DIRECTIONS: Return only the lines below starting at the line containing "IT Application and" and ending at the line containing "Salt Composition: Ambroxol", both included, exactly as they are and with no pictures.

SOURCE DATA:
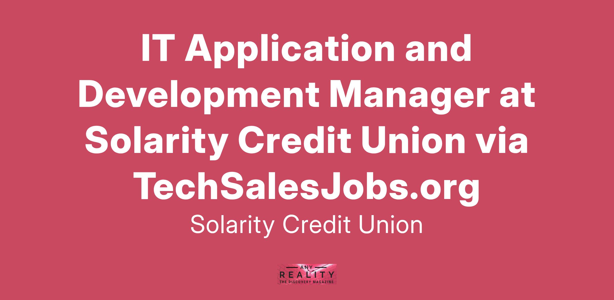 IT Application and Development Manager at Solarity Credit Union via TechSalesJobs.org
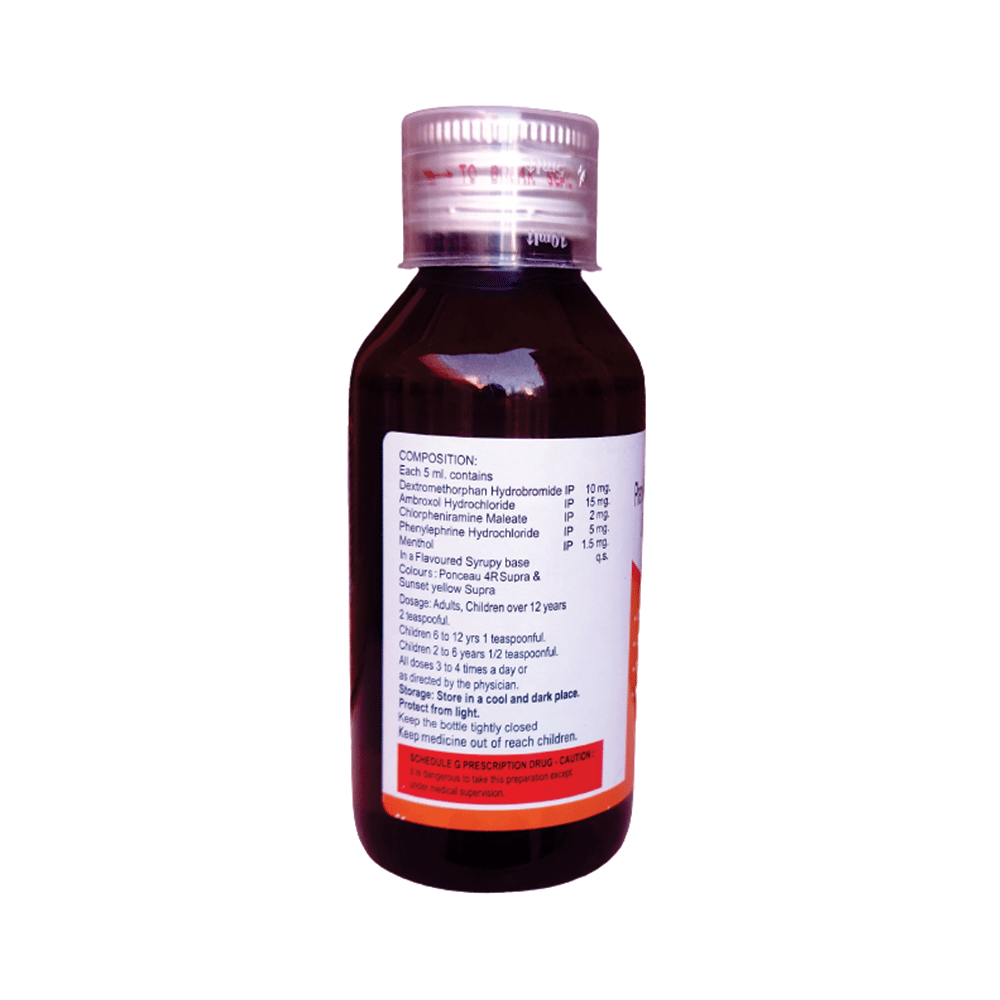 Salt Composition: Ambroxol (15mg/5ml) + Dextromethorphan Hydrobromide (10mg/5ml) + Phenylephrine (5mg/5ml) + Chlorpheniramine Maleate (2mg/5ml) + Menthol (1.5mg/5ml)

* * *

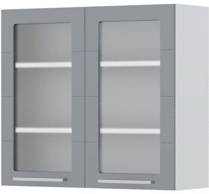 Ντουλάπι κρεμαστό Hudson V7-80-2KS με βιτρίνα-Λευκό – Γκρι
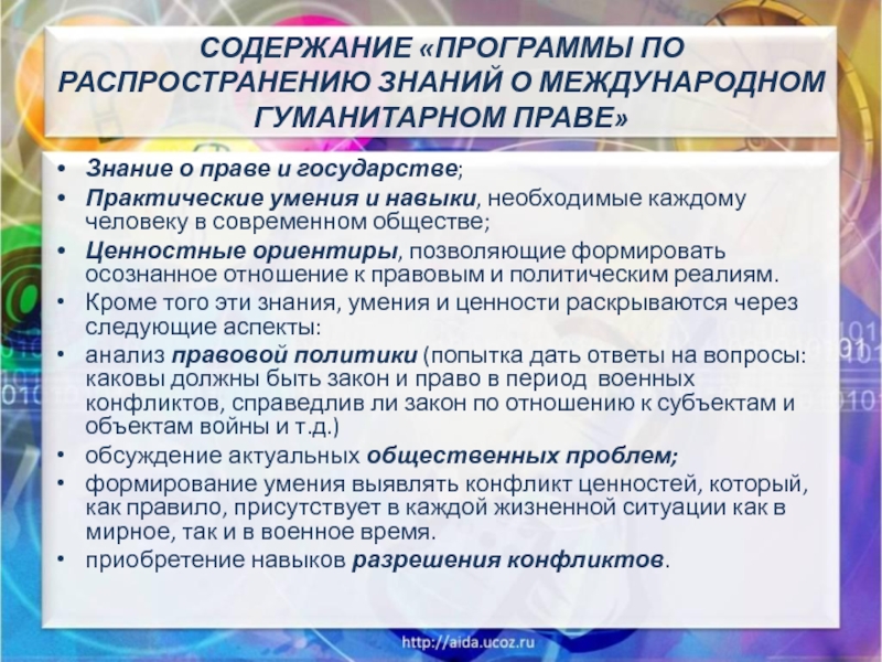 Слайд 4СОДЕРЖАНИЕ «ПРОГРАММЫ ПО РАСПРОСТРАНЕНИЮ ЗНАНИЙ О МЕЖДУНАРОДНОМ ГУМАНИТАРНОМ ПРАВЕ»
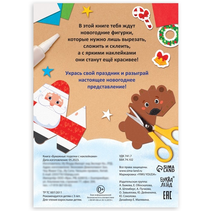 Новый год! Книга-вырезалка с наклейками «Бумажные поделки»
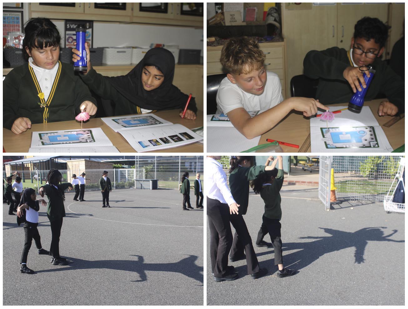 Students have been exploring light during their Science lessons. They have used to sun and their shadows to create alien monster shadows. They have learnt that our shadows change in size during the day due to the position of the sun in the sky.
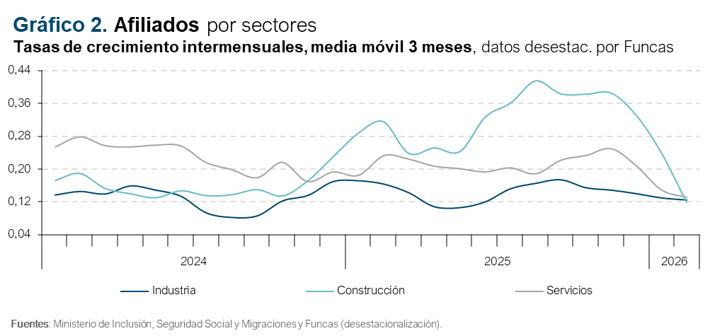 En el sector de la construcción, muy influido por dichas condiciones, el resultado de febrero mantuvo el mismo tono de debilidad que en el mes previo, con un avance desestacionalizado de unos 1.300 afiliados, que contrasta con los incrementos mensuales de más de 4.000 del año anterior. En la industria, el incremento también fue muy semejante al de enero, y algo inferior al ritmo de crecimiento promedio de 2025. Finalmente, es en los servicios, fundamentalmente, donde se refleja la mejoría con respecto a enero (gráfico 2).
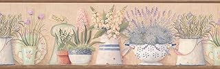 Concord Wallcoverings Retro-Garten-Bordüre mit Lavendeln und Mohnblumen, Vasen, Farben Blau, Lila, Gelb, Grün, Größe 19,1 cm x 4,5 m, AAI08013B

...

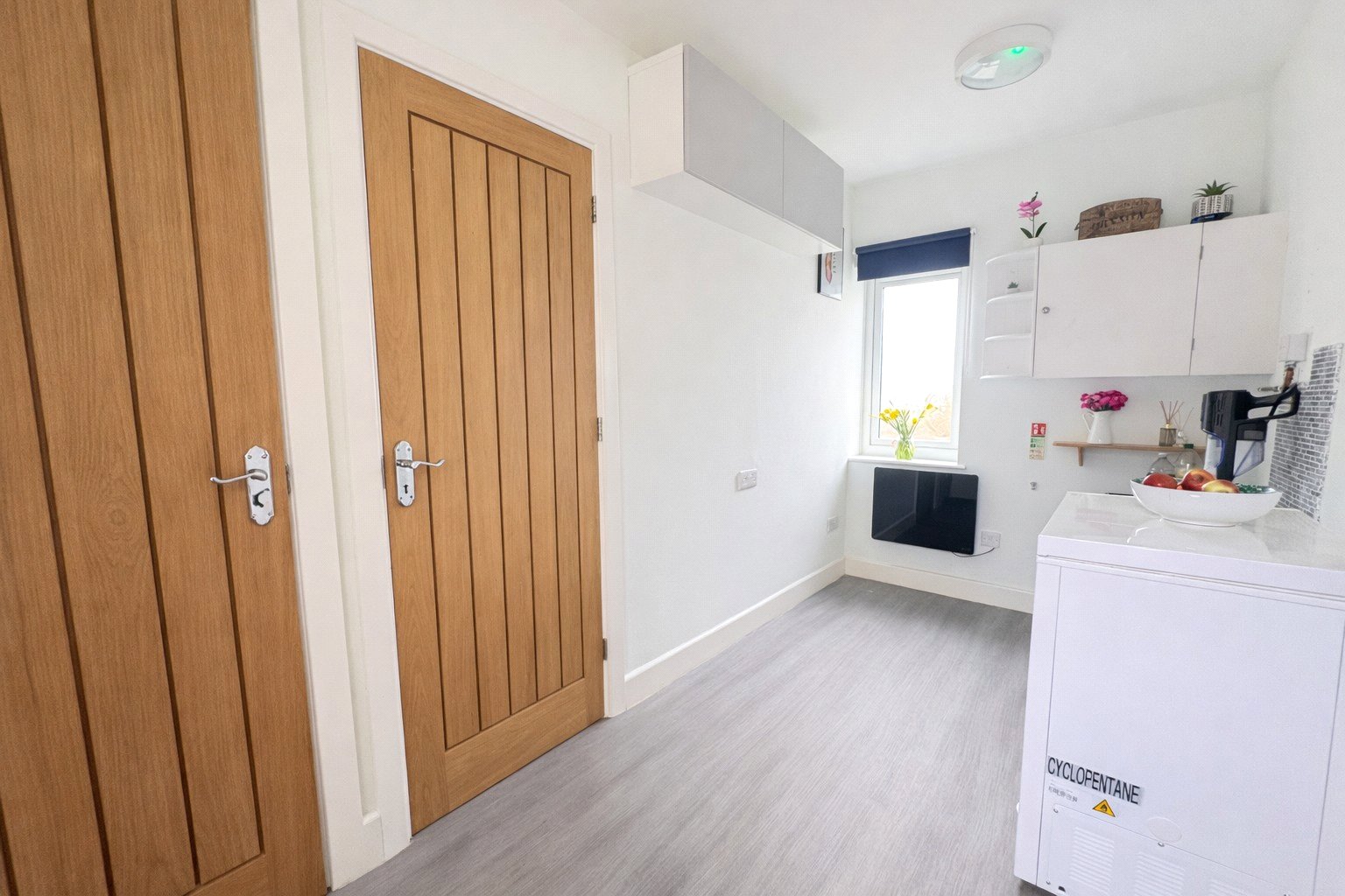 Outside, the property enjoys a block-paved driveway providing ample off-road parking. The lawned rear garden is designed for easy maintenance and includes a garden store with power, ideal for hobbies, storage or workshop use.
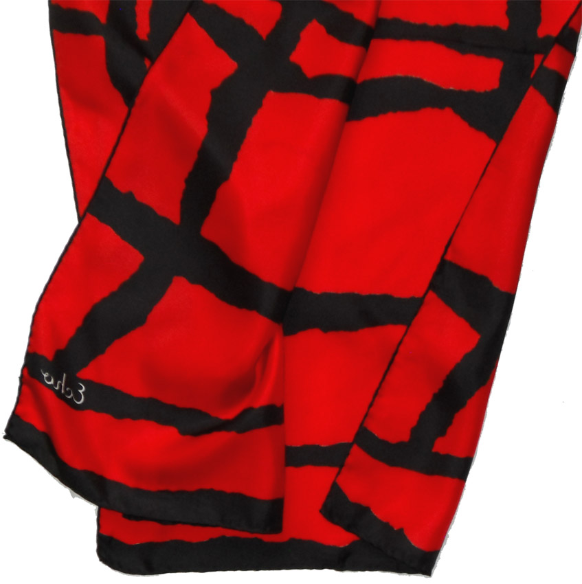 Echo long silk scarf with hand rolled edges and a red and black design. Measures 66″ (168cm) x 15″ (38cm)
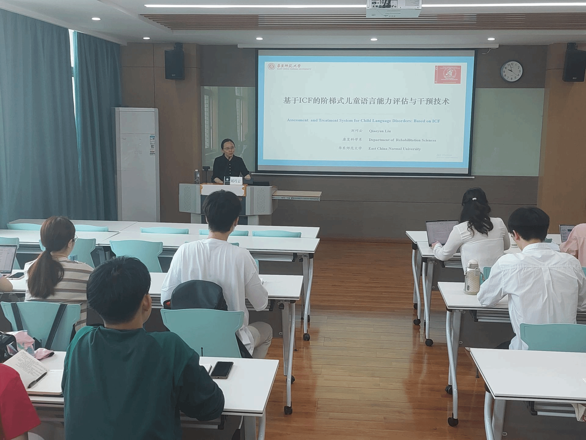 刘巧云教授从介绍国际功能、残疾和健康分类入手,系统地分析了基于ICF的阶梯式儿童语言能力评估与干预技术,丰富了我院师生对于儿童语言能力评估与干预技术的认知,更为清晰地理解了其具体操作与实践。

EXERCISE RESULT:
 IT Application and Development Manager at Solarity Credit Union via TechSalesJobs.org
 Salt Composition: Ambroxol (15mg/5ml) + Dextromethorphan Hydrobromide (10mg/5ml) + Phenylephrine (5mg/5ml) + Chlorpheniramine Maleate (2mg/5ml) + Menthol (1.5mg/5ml)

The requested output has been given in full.